FILING OF CERTIFICATE OF DISSOLUTION
On July 1, 2010, our Board of Directors approved the Plan of Complete Liquidation And Dissolution of The Allied Defense Group, Inc. (Plan). We submitted the Plan to our stockholders via a Proxy Statement in late July, 2010, which we amended and supplemented in August, 2010 (Proxy). The Plan calls for the filing of a Certificate of Dissolution with the State of Delaware (Certificate). As set forth in the Proxy and as disclosed in our subsequent SEC filings and shareholder letters, we expect to file the Certificate on or about August 31, 2011. This action will formally put us in dissolution and we will continue our corporate existence solely for the purpose of winding up remaining business matters and making liquidating distributions to our shareholders. As we have previously noted, we do not intend to make any distributions until the conclusion of the DOJ investigation and the related SEC inquiry.

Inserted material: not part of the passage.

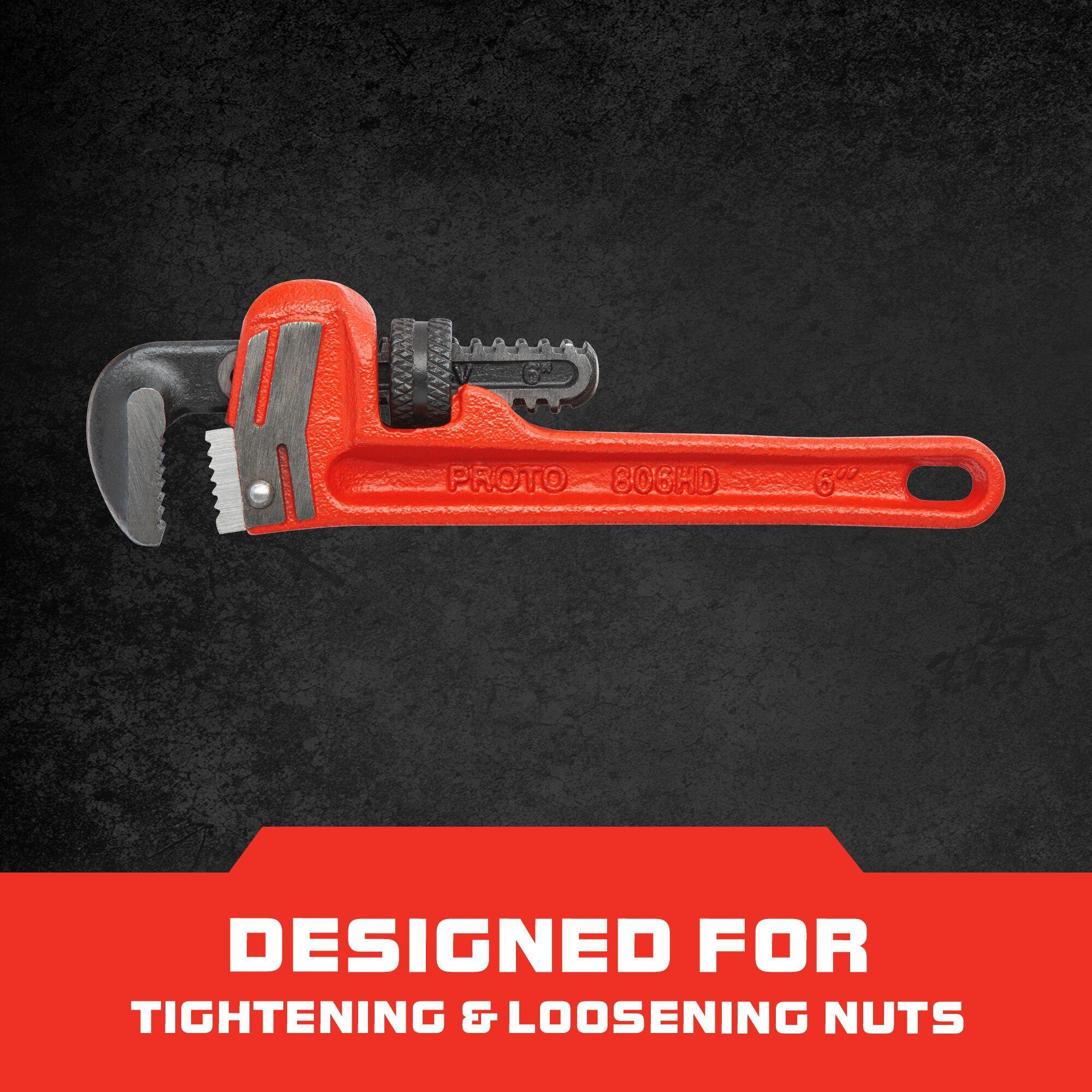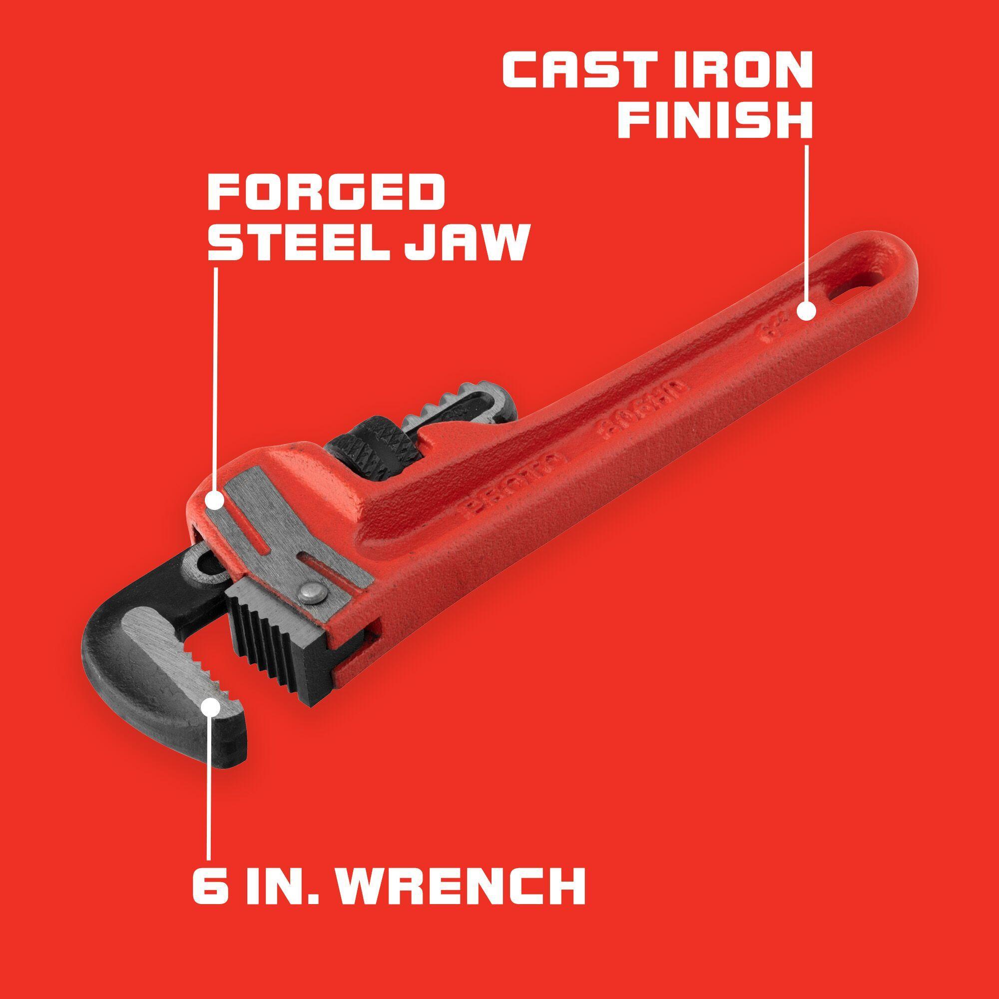 Proto® J806HD Heavy Duty Straight Pipe Wrench, 6 in OAL, Floating Hook Jaw, Cast Iron Handle, Federal GGG-W-00651D
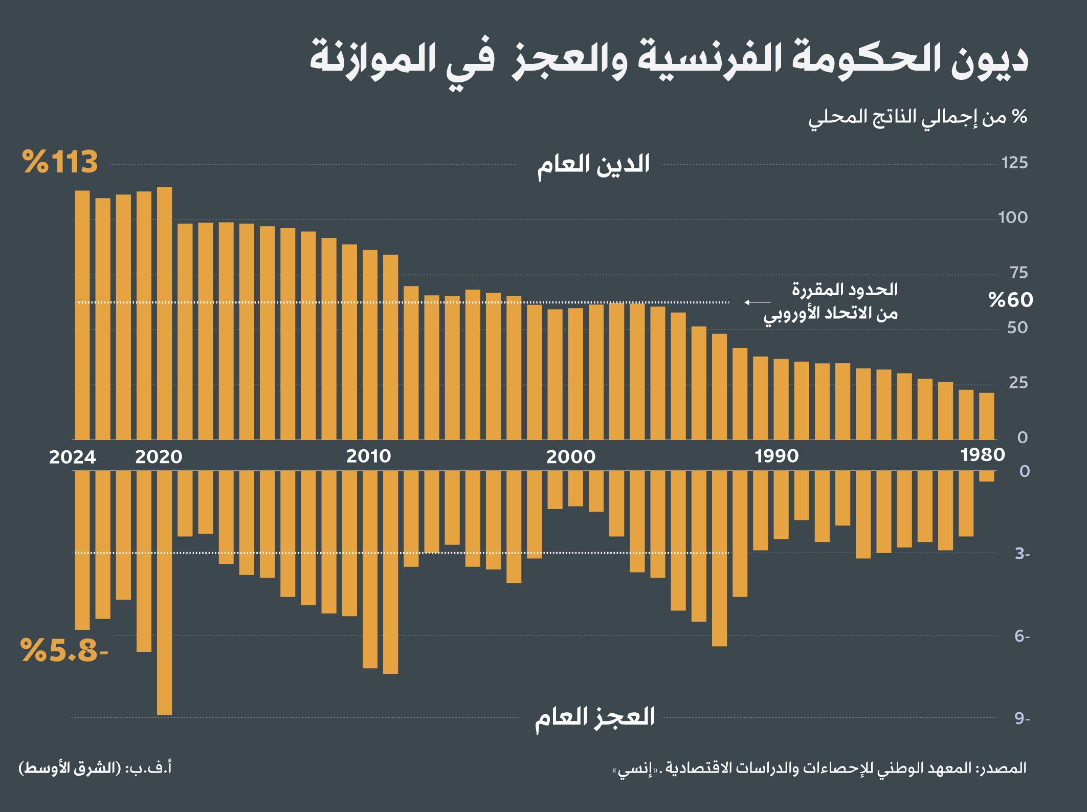 وفقاً للمعهد الوطني الفرنسي للإحصاء والدراسات الاقتصادية، بلغ الدين العام الفرنسي 3.345 تريليون يورو في نهاية الربع الأول من عام 2025. وقد ارتفع هذا الرقم بشكل كبير على مدار العقدين الماضيين. فبعد أن كان يمثل 60 في المائة من الناتج المحلي الإجمالي في بداية الألفية، تجاوز حاجز 100 في المائة في عام 2020 بسبب جائحة «كورونا»، وواصل ارتفاعه ليصل إلى 113.9 في المائة من الناتج المحلي الإجمالي هذا العام، وفق تقرير لصحيفة «لوموند» الفرنسية.

CLOSING OF STOCK TRANSFER BOOKS
As set forth in the Plan, and as previously disclosed in our Proxy, upon the filing of the Certificate, we will close our stock transfer books and discontinue recording any transfers of shares of our stock. All subsequent liquidating distributions will be made to the record owners of our stock on the date we close our stock transfer books. As noted above, we expect this to occur on or about August 31, 2011.
FUTURE SEC REPORTING
As previously described in the Proxy, in order to curtail expenses we intend to seek relief from the SEC from the reporting requirements under the Securities Exchange Act. We have recently filed our Form 10-Q for the first quarter of 2011 and if our request is granted we will not file a Form 10-Q for the second quarter of 2011 or any further Forms 10-K or 10-Q. If such relief is granted, we would continue to file current reports on Form 8-K to report material events, including periodic updates of our financial condition and the estimated amount available for distribution to our shareholders. However, we cannot provide any assurances that such relief will be obtained. We also plan to continue to provide periodic updates via letters posted on our website.
RIGHTS AGREEMENT
Consistent with our April 14, 2011 letter, we have extended our 2001 Rights Agreement through December 31, 2011, 2011.